In April 1910, she played Viola in Twelfth Night in Sir Herbert Tree's company at His Majesty's in a cast that included Tree as Malvolio and her father as Viola's twin brother, Sebastian, a role he had formerly played to the Viola of his sister, Ellen. Her reviews were enthusiastic; The Observer said that expectations were extremely high but "she proved able to justify all, and more than all, the expectations which her effort had aroused", and The Times said that she "won everybody's heart from the first moment of her appearance. Tree, in a post-curtain speech, predicted that she would "add fresh honors to the honored name of Terry for many a long year".

From 1910 to 1914, Neilson-Terry played a wide range of parts; in the classics her roles included Rosalind in As You Like It (1911), Juliet in Romeo and Juliet, Desdemona in Othello and Portia in The Merchant of Venice (all 1912). She also appeared in modern plays, including a revival of Trilby opposite Tree's Svengali. She continued to play the role in revivals in many parts of the world in later years.

In 1914, she went to the United States, and, having signed a long-term contract, did not return to Britain until 1919. In America she reprised her Trilby, appeared in vaudeville giving songs, recitations and excerpts from Shakespeare, performed at Yale University, and played Nora Marsh in Somerset Maugham's The Land of Promise. She toured with the company, appearing in the play Maggie which played at the Princess Theatre in Toronto, Canada in 1918.

===Later career===

Neilson-Terry in 1922

In the Dictionary of National Biography J. C. Trewin wrote that it was "unfortunate" that Fred Terry seldom extended himself by taking the great classic roles for which his talent fitted him. The Times's obituarist of Terry's daughter made a similar point about her, commenting that after returning from the US she did not regain the outstanding position she had won for herself as a young actress. As in America, she toured with light variety programs, and in ephemeral crowd-pleasing plays. Among the latter was The Wheel by J B Fagan, in which she gave her young cousin John Gielgud his first paid acting role, in 1922.

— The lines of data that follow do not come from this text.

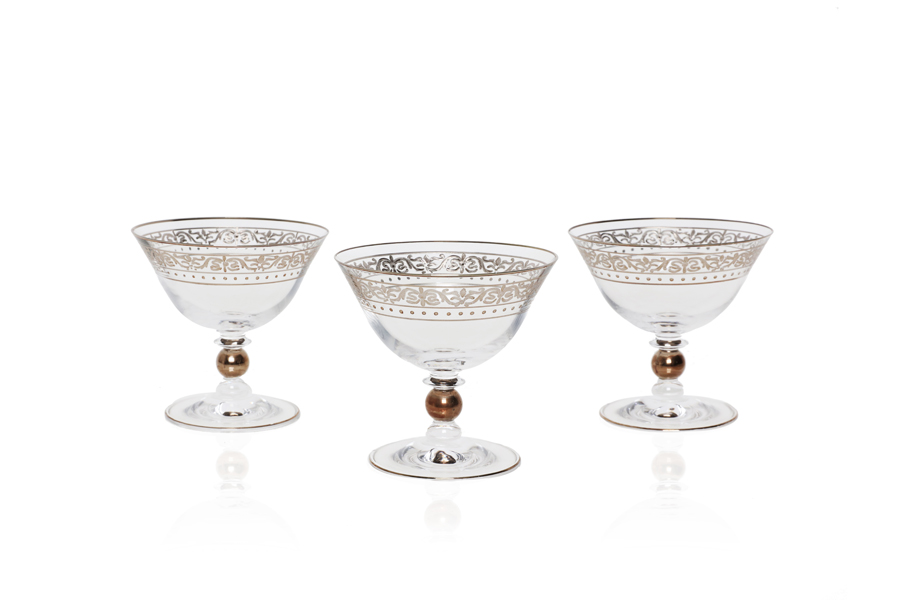 Set of 6 ice cream glass cups with platin designs
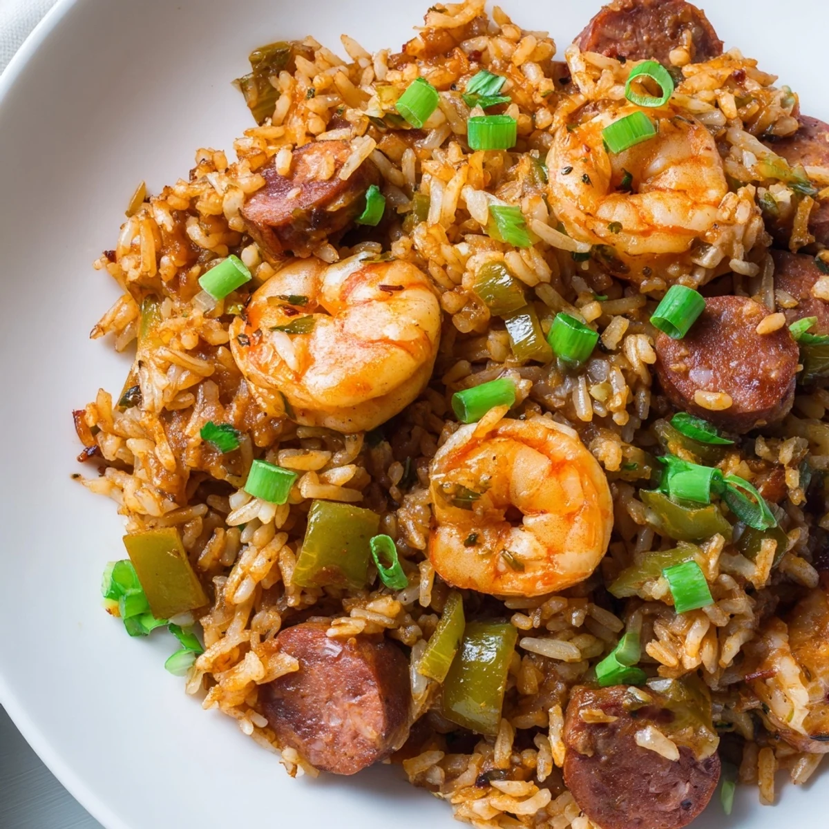 This hearty one-pan meal brings together juicy Gulf shrimp and spicy andouille sausage with the classic Southern holy trinity of onion, bell pepper, and celery. The rice absorbs all the savory flavors as it simmers in chicken broth, enhanced with tomato paste and traditional Creole seasonings including paprika, thyme, and a blend of aromatic spices. Ready in under an hour, this dish delivers authentic Creole comfort with minimal cleanup.
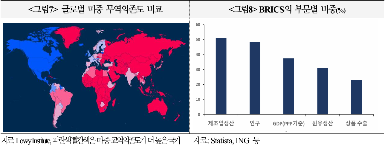 브릭스는 전 세계 GDP의 40%, 인구 및 제조업생산은 50%를 차지하는 등 영향력이 커지고 있다. 인도는 미국의 견제를 계기로 브릭스 내 입지 강화를 모색할 가능성이 크다.

During the 1920s, Neilson-Terry toured in South Africa, and appeared in Britain in a range of performance from cabaret to pantomime at Drury Lane. She played in Shakespeare at the Open Air Theatre, Regent's Park and on tour with Donald Wolfit. In the 1930s she played Lady Macbeth and Queen Katherine in Henry VIII at the Shakespeare Memorial Theatre, Stratford-upon-Avon. In Gielgud's view, her most notable role of the inter-war years was Queen Elizabeth in Ferdinand Bruckner's Elizabeth of England: "In this play she showed unexpected tragic power in the scene in which Essex bursts into her presence to find her wigless and disheveled".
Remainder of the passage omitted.